Прошагали мы по бульвару до Никитских ворот: я впереди, Пека где–то сбоку, сам по себе, а Зося чуть сзади – еле поспевает за моим быстрым шагом, но держится, не отстает.
И тут я взбесился. Остановился, поправил очки и говорю – с максимально возможной грубостью:
– Послушайте, неужели вы не видите, что нам не по пути?
– Вижу, – говорит.
– Вот и идите своей дорогой!
Улыбнулась она. Тихо, бесцветно.
– Зачем же, – говорит, – грубить?
– Затем, – говорю, – что болтать с вами о цветочках и погоде не намерен!
– Что ж, – говорит, – до свидания.
Повернулась и пошла.
А Пека меня за рукав дерг да дерг.
– Сереж, – шепчет, – ну Сережа же, это она, та самая?
– Та, – говорю.
– Убийца, да?
– Да, – говорю, а самого подмывает оглянуться и посмотреть, куда пошла Михайловская. Случайно, гадаю, мы встретились или нет?.. Пожалуй, случайно.
Оглянулся я. И Зося оглянулась. И вышло так, что встретились наши взгляды.
Прошли мы с Пекой ещё несколько шагов. Слышу – каблучки цокают за моей спиной. Вернулась–таки.
– Ну? – спрашиваю.
– Постойте, – говорит, – ради бога… Умоляю…
– В чём дело?
– Я сейчас – отдышусь только… Я спросить хочу.
– Зря хотите.
– Почему?
– Потому, – говорю, – что не отвечу я вам. Не о чём нам говорить. Да и не место.
Глупый, очень глупый, а главное, неуместный разговор. Ну что бы мне стоило сдержаться? А я еще и добавил:
– Вот так–то, гражданка.
– И всё же…
– Ну, что ещё?
– Всё же, – говорит, – ответьте. Только честно… Я вас так – о пустяке спрошу. Вы не обижайтесь. Не гоните меня… Скажите только – вас никогда не мучили сомнения?.. Ах, да не то я говорю. Не о сомнениях речь… Вы хорошо спите? У вас, наверное, сны спокойные, чистые. Вы же честный человек… У вас лицо интеллигентное. Вы из интеллигентов, я не ошиблась? Нет? Я чувствую, что вы обо мне думаете. У меня хорошая интуиция… Но вы – добрый. Правда, вы добрый?

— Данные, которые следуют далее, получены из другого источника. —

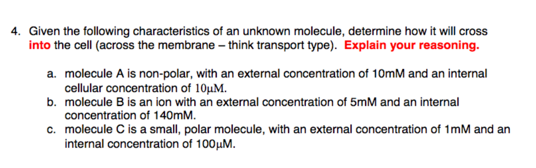 Please completely and accurately answer the below Cell Biology question. Explain all reasoning for the transport type chosen for each molecule.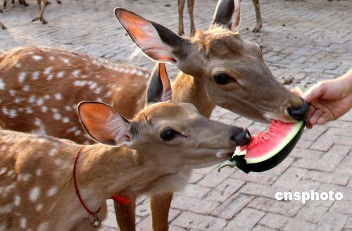 6月23日,山东聊城最高气温37℃,动物园饲养员采取喷洒凉水、水果喂养等办法为动物降温。中新社发 孔政 摄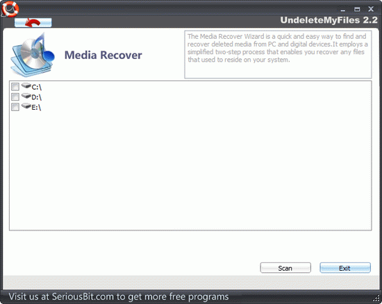 UndeleteMyFiles是一款专业的数据恢复工具,支持恢复硬盘、USB闪存设备、CF卡、SD卡等存储设备上的数据,同时它也提供了专业的文件清除工具,让你彻底干净的删除文件。最重要的一点是,相对其他同类软件来说,它是少有的免费恢复工具。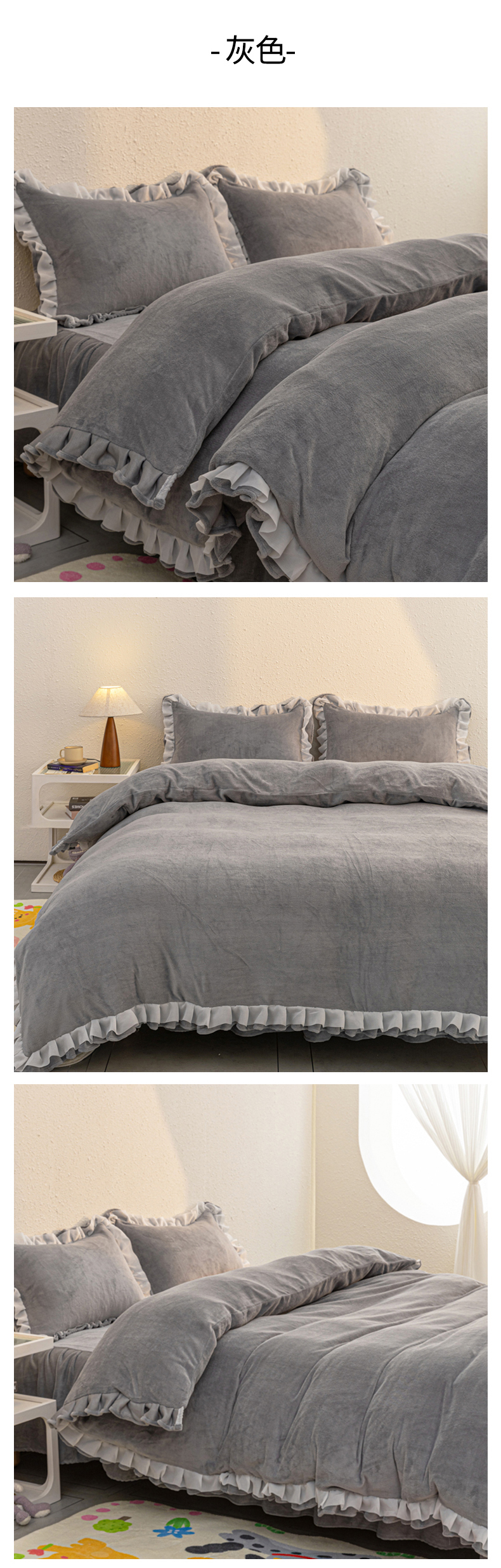 当前位置: 91家纺网 > 商品网购 > 床品套件 > 四件套 > 牛奶绒四件套 > 恩和家纺 2025新款白色薄纱双层飞边牛奶绒四件套 灰色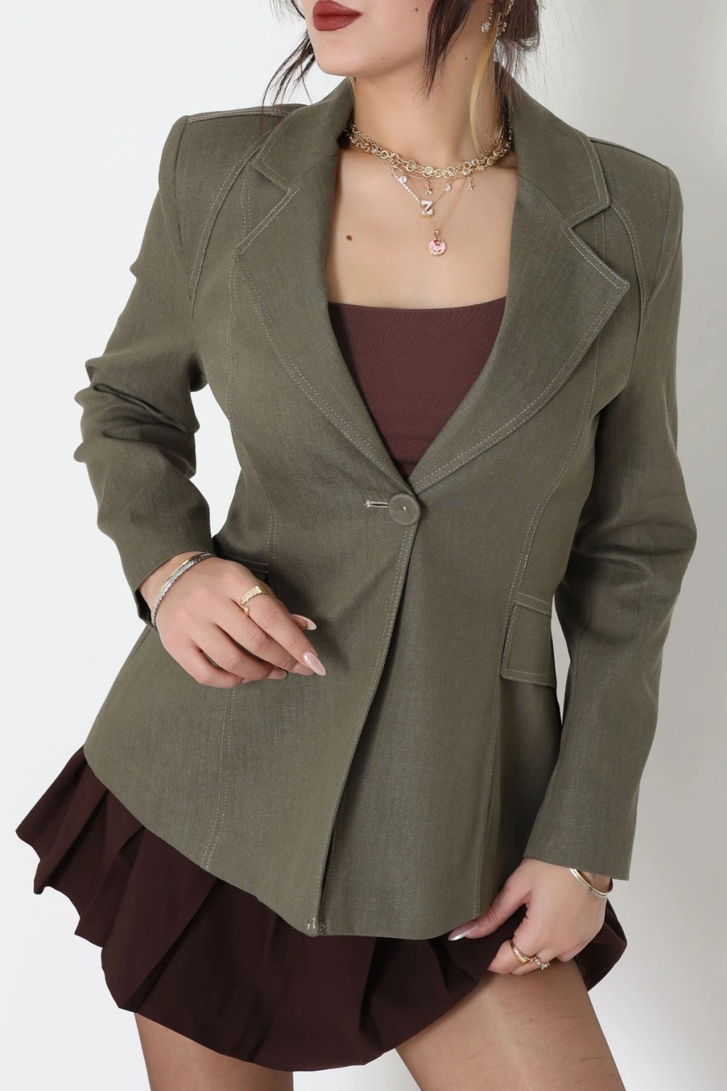 Yaka Fitilli Gabardin Ceket Taba - 8790.179.

Остановился я. Оглядел её с ног до головы. И говорю – раздельно:
– Жестокий я, по должности и от рождения.
– Жестокий?
– Да! Когда следует.
– А когда следует?
– Когда этого требует закон.
– И вы неспособны прощать? Совсем неспособны?
Вот, думаю, куда ты гнешь!
– Почему же, – говорю. – Только смотря кого и смотря за что.
Остановилась она. Сказала – тихо так, без нажима:
– Ну что ж, спасибо за разговор… Прощайте.
– Прощайте, гражданка.
И больше уж не оборачивался я. Шёл и думал. Сильно задумался, даже о Пеке забыл. Что это, размышляю, значит? Что ей понадобилось от меня? «Могли бы вы простить?..»
Вот тут–то и оборвал мои мысли визг трамвайных тормозов. И – крик. Страшный – он и сейчас ещё звучит у меня в ушах.
…Пока пробежали мы с Пекой двадцать метров от угла до вросшего в землю трамвая, толпа собралась изрядная. Спины, локти, руки – не продерешься. Галдят. «Женщина… – слышу. – Молодая?.. Да уж насмерть… Красивая…»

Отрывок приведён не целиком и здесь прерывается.